The Animal That Feeds the Bottom of the World

And the top too, if we’re not careful

By Safina Center Writer-in-Residence Paul Greenberg

Krill “meal” at a logistics hub in Montevideo, Uruguay. ©Paul Greenberg

The news that a Ukrainian researcher in Antarctica had been arrested by Russian authorities for speaking out on the overharvest of krill came as no surprise to me. If you know even a little bit about krill, the vast trove of nutrients they represent and the importance they have to the entire bottom of the world, you know that it is a timebomb of exploitation in an overstretched world waiting to go off. The question always really was, who was going light the fuse.

I’ll back up a second and just explain the biology of it all. Euphausia superba, as krill is known to researchers, might just be the largest single species biomass in the world. Estimates put the total tonnage at somewhere between 300 and 500 million metric tons.
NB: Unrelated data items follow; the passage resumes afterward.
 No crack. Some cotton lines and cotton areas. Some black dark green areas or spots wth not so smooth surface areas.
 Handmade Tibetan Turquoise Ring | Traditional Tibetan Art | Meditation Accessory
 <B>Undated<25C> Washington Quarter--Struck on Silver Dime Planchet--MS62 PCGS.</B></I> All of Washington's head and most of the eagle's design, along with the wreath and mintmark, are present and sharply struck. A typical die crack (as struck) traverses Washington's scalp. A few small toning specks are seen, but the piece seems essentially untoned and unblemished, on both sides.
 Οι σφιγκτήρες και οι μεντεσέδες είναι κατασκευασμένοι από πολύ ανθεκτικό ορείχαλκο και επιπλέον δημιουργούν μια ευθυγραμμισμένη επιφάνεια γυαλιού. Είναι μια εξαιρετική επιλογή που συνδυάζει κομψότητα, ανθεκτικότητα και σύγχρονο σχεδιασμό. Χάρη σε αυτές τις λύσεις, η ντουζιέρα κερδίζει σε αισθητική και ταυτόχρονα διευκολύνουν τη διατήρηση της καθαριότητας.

Compare that with the 80-90 million metric tons that is the global catch of all fish and shellfish in the world and you can see what I’m talking about.

Occupying a unique niche between phytoplankton and higher predators, krill blooms ­­­­in giant pink clouds and effectively passes the energy of the half year of sunshine the falls on the Antarctic up to higher life forms. So exclusive and specific to its niche are Antarctic krill that the entirety of the Southern Ocean is often referred to as a “wasp-waist” ecosystem. Krill are the pinch-point of the wasp-waist. Below them is a treasure chest of solar energy in the form of phytoplankton. Above them everything from whales to penguins to icefish. Without krill to transform phytoplankton into digestible protein and carbohydrates, the higher lifeforms at the top of the waist would simply starve to death.
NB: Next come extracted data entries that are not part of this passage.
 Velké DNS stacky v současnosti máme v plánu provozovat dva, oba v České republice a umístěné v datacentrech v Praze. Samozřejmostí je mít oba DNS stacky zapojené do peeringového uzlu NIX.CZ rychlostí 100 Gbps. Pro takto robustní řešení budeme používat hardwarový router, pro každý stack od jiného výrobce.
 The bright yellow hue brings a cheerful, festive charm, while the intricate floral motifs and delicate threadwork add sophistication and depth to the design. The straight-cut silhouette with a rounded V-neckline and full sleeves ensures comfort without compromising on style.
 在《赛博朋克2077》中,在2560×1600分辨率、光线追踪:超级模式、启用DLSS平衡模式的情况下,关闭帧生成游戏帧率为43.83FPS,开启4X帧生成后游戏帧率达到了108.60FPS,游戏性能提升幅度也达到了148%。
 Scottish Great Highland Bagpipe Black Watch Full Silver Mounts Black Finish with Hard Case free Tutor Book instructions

I came to know about all this when I visited first Antarctica and, later, a “krill logistics hub” in Uruguay while researching my book The Omega Principle. In that book I looked at omega-3 fatty acids in our bodies and in the world’s oceans. But more specifically, what the book led me to was a little-known behemoth known as the “reduction industry.” Every year, this multibillion dollar sector of global fisheries catches somewhere between a fifth and a quarter of all the tons of seafood caught in the world. While a sliver of all that omega-3 rich animal life is indeed boiled down into the golden capsules many of us take in the hopes we’ll prolong our lives, the vast majority is shoveled into the global maw of reduction and turned into feed pellets which are in turn fed to farmed salmon and other domesticated animals. For many years the reduction industry relied on schools of things like Peruvian anchoveta, Chesapeake Bay menhaden, and North Atlantic capelin and herring. But in the last quarter century, increasingly, Big Reduction is looking to the Antarctic and krill.
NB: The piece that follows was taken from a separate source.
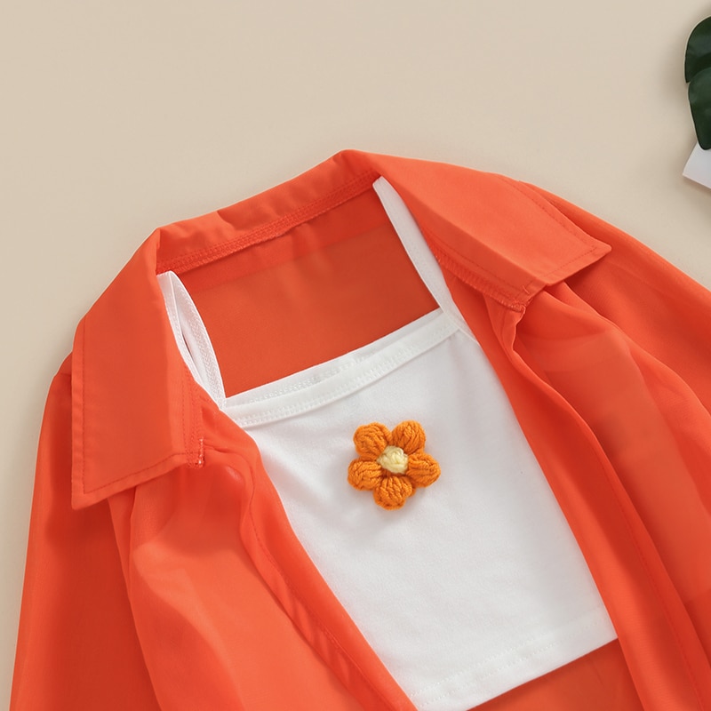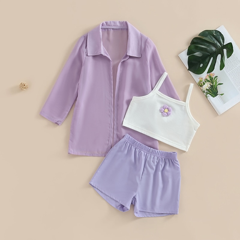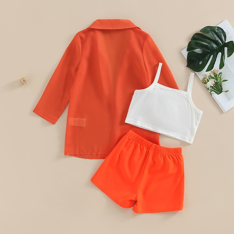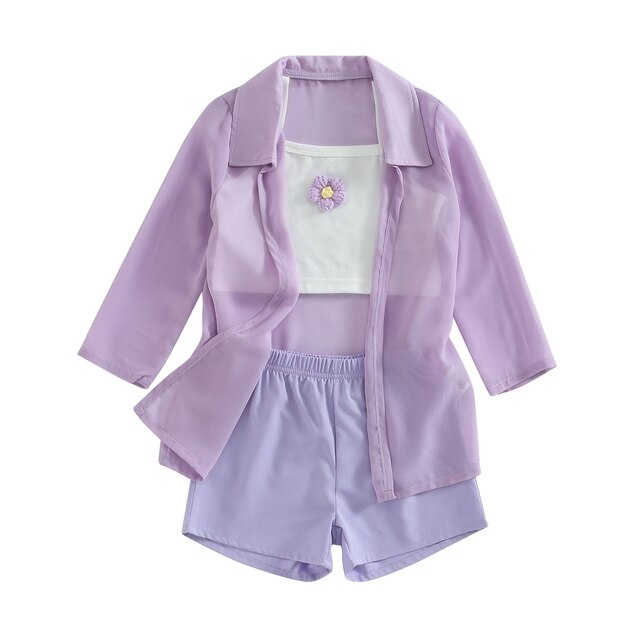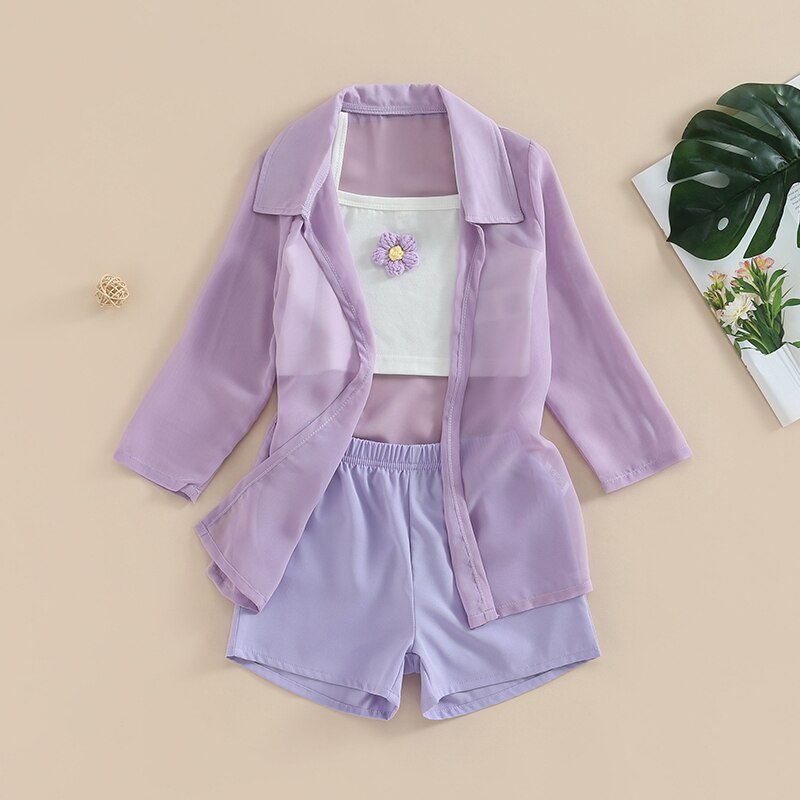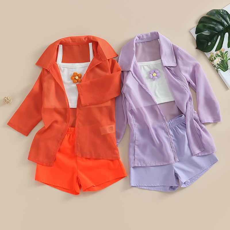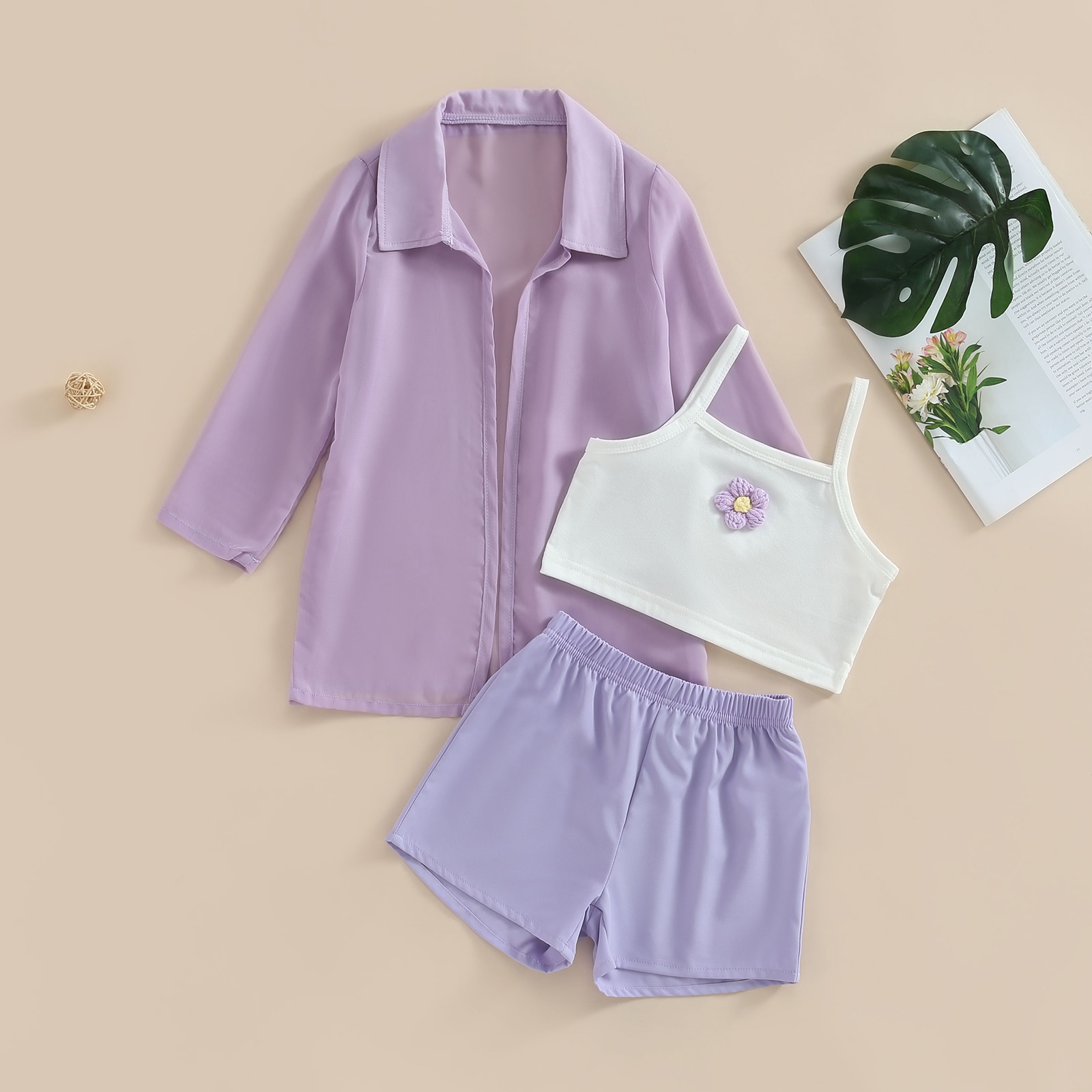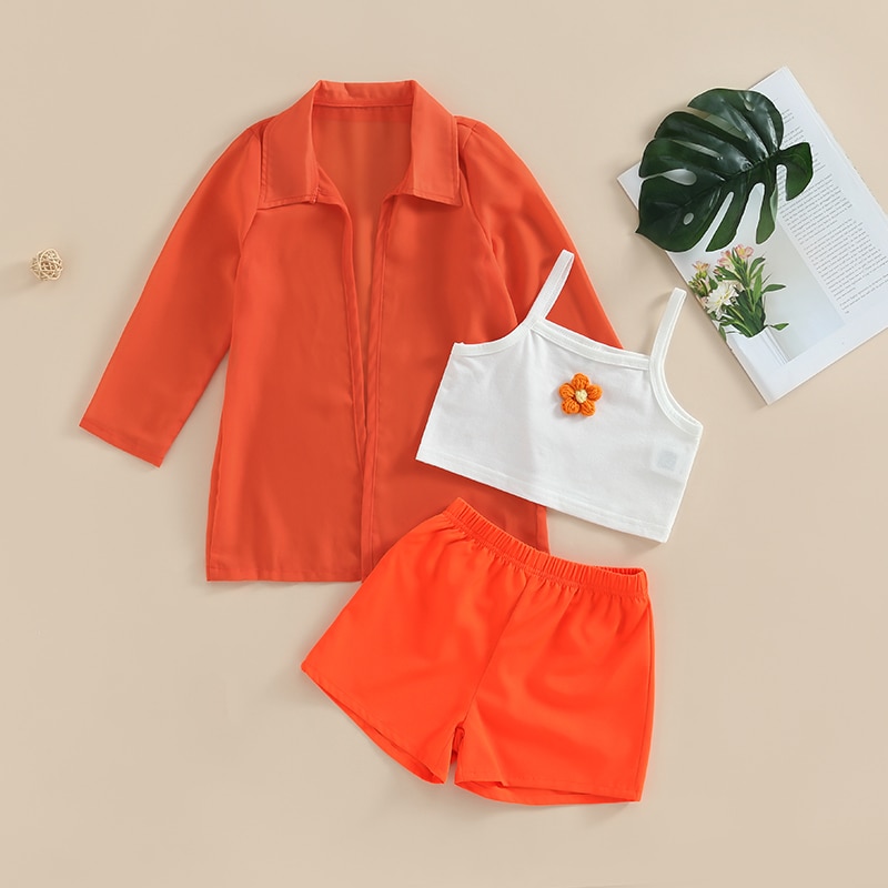 Комплект из трех предметов для девочек, блузка на бретельках без рукавов с цветочным принтом, повседневные шорты и шифоновый пиджак с длинным рукавом

I won’t go into the details of that hunt for this last gold mine of animal feed. All that is contained within the chapter called “The Bottom of it All” in my aforementioned Omega Principle. Suffice it to say that Russia’s detention of the Ukrainian Leonid Pshenichnov who had been on his way to a meeting of the Commission for the Conservation of Antarctic Marine Living Resources (CCAMLR), might seem an act of war-time aggression. And surely it is. The official statement by Russia describes Pshenichnov as a “citizen of the Russian Federation” who “defected to the enemy’s side.”

But what it really represents is the tip of the iceberg so to speak. China, Russia, Norway, and a host of other countries would love to get their hands on all that food at the bottom of the world. To date, CCAMLR, a consensus international organization that has done yeoman’s work in protecting the Antarctic, has managed to prevent a giant global protein grab from taking place. But I am certain that behind Pshenichnov’s arrest is an unseen stable of horse-trading as nation’s jockey to make an end run around sounder thinking.

Keep your eye on krill. Whither it goes may determine how the world withers.